=== Begin Enclosure ===
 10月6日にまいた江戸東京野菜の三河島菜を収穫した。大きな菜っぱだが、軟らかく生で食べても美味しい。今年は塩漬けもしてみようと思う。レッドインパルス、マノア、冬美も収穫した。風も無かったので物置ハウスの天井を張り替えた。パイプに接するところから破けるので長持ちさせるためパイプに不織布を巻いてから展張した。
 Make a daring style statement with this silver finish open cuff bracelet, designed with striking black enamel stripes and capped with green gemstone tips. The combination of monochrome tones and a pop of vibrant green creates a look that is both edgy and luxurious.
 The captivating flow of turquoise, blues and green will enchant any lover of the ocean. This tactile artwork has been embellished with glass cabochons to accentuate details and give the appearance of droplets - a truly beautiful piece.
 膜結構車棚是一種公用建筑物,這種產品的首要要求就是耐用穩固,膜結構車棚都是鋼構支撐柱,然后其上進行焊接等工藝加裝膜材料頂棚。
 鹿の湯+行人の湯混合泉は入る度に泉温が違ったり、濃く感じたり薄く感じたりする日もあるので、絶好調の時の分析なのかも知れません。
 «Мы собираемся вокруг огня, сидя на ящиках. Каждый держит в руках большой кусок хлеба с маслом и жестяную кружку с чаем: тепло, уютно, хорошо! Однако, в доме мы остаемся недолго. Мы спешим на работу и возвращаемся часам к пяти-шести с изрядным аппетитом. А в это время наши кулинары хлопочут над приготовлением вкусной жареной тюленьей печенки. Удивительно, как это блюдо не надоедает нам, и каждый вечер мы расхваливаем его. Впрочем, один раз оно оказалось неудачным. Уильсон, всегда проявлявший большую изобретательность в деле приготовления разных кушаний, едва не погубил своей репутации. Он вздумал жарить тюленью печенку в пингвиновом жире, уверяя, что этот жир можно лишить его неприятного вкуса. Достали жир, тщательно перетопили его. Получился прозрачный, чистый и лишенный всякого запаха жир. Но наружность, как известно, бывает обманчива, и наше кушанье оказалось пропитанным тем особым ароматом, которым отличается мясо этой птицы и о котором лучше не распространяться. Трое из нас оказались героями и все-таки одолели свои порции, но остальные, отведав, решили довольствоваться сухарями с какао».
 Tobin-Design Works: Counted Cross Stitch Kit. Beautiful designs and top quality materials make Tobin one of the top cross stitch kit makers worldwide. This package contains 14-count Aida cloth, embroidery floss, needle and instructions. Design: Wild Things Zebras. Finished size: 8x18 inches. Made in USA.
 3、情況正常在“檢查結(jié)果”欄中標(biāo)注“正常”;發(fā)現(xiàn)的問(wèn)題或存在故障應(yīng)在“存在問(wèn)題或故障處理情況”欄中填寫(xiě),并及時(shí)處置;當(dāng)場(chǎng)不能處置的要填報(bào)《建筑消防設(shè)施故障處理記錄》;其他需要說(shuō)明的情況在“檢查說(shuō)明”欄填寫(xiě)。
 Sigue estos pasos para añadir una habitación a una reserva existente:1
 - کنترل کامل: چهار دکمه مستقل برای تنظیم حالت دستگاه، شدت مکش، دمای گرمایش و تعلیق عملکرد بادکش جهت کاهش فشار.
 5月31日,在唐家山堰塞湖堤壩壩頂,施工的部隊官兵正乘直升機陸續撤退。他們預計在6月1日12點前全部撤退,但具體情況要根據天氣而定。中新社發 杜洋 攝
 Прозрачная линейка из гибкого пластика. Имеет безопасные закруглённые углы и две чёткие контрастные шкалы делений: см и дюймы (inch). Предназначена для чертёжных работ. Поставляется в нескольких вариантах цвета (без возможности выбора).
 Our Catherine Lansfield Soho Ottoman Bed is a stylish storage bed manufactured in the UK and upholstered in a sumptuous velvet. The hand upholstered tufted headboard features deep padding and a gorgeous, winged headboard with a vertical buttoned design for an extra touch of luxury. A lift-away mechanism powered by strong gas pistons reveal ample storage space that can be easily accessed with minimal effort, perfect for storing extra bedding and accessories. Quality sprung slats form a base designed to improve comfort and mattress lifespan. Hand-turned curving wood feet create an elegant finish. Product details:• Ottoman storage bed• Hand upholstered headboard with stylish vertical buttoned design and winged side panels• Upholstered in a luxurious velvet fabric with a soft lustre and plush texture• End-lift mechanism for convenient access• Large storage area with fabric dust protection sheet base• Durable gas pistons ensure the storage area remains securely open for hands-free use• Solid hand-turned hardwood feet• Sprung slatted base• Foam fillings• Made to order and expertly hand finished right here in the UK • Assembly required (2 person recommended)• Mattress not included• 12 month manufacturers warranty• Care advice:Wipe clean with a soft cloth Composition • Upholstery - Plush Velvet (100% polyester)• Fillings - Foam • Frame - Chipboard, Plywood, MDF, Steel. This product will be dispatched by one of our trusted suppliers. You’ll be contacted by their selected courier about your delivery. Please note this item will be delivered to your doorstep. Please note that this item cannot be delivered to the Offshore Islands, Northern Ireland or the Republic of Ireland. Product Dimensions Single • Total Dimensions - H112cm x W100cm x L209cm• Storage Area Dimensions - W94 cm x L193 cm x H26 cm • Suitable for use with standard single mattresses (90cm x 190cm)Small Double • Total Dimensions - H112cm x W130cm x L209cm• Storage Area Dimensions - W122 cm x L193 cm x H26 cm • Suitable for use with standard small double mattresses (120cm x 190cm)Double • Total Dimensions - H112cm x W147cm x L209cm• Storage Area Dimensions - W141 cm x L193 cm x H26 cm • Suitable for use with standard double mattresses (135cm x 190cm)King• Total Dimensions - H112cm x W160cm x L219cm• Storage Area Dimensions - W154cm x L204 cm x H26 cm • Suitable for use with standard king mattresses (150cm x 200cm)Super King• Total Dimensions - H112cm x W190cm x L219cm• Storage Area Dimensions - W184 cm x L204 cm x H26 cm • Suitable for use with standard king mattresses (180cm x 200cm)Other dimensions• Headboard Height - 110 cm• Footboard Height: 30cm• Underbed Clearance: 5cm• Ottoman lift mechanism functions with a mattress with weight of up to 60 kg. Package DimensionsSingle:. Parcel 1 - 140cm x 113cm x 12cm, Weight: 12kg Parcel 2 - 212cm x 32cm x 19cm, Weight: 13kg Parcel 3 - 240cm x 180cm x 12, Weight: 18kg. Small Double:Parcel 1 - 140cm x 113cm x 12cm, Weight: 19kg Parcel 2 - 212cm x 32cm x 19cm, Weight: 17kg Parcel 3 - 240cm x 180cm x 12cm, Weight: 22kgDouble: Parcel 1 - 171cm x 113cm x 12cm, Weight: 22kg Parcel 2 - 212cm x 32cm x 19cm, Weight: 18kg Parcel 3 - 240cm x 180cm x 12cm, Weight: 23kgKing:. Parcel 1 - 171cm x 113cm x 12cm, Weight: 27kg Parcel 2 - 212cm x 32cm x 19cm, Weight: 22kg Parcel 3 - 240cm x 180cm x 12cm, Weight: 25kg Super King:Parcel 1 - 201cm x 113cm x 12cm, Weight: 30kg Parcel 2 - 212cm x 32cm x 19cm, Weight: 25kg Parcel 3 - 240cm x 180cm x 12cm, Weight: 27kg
=== End Enclosure ===
To do:
Ending with the line containing "Make a daring", please print exactly the lines of the material above from its first line onward, and nothing else.

Response to the task:
 10月6日にまいた江戸東京野菜の三河島菜を収穫した。大きな菜っぱだが、軟らかく生で食べても美味しい。今年は塩漬けもしてみようと思う。レッドインパルス、マノア、冬美も収穫した。風も無かったので物置ハウスの天井を張り替えた。パイプに接するところから破けるので長持ちさせるためパイプに不織布を巻いてから展張した。
 Make a daring style statement with this silver finish open cuff bracelet, designed with striking black enamel stripes and capped with green gemstone tips. The combination of monochrome tones and a pop of vibrant green creates a look that is both edgy and luxurious.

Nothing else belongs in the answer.